## [EXERCISE]
When you reach the line that holds "0.3MP 像素,标准距离,单手持读码器", start copying exactly and keep going through the final line of the data, leaving out pictures.

## [PROVIDED DATA]
== Segment start ==
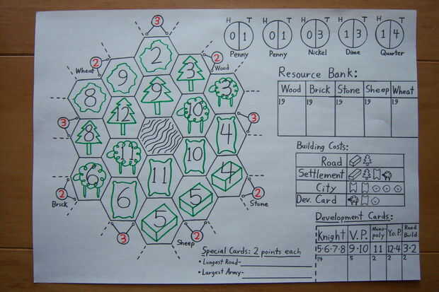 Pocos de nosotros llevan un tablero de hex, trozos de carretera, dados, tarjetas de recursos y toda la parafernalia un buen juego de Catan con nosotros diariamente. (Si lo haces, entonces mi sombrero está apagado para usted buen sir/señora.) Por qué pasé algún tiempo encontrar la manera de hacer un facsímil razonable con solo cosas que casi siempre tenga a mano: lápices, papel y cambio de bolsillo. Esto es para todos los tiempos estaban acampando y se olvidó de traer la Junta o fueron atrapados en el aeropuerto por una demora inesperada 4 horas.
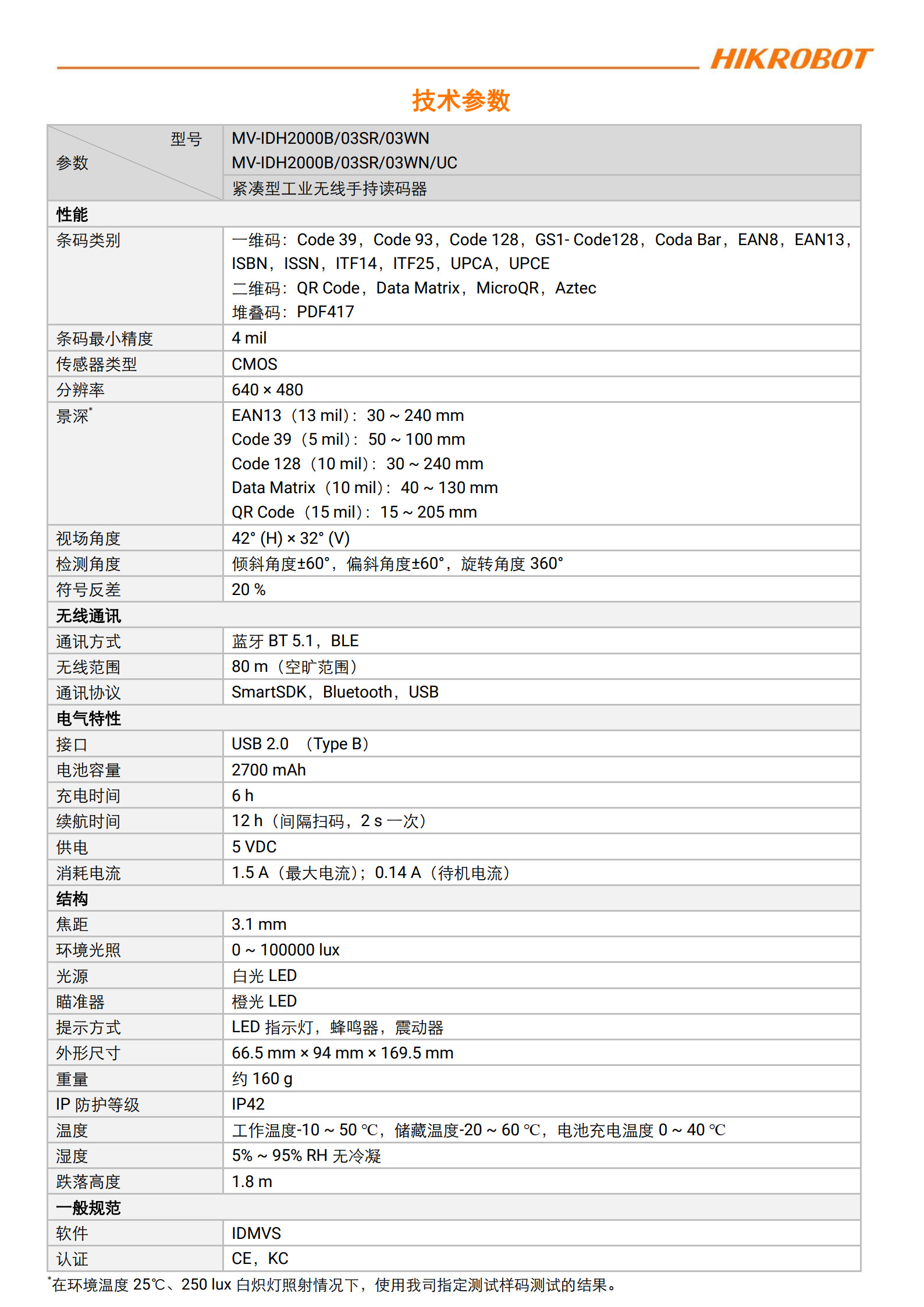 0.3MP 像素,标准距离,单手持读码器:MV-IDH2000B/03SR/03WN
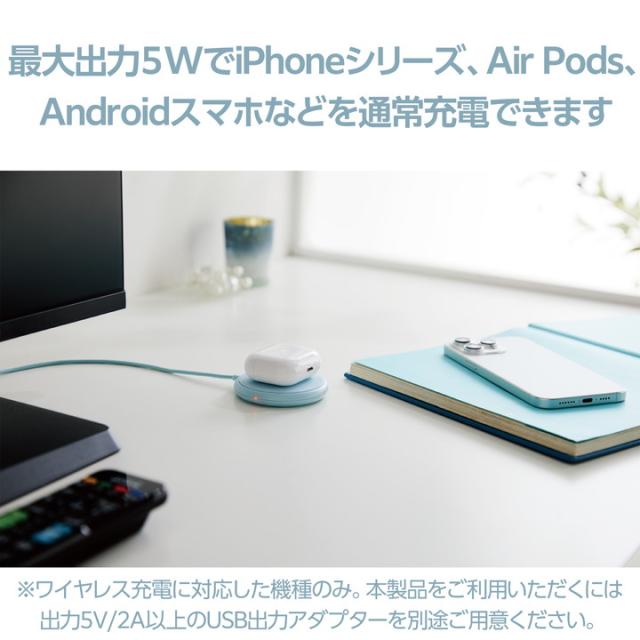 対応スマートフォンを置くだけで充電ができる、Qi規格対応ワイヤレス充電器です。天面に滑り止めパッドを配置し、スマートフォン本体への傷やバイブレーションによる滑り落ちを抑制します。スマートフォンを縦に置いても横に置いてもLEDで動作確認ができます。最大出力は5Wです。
== Segment end ==
## [PROBLEM SOLUTION]
 0.3MP 像素,标准距离,单手持读码器:MV-IDH2000B/03SR/03WN
 対応スマートフォンを置くだけで充電ができる、Qi規格対応ワイヤレス充電器です。天面に滑り止めパッドを配置し、スマートフォン本体への傷やバイブレーションによる滑り落ちを抑制します。スマートフォンを縦に置いても横に置いてもLEDで動作確認ができます。最大出力は5Wです。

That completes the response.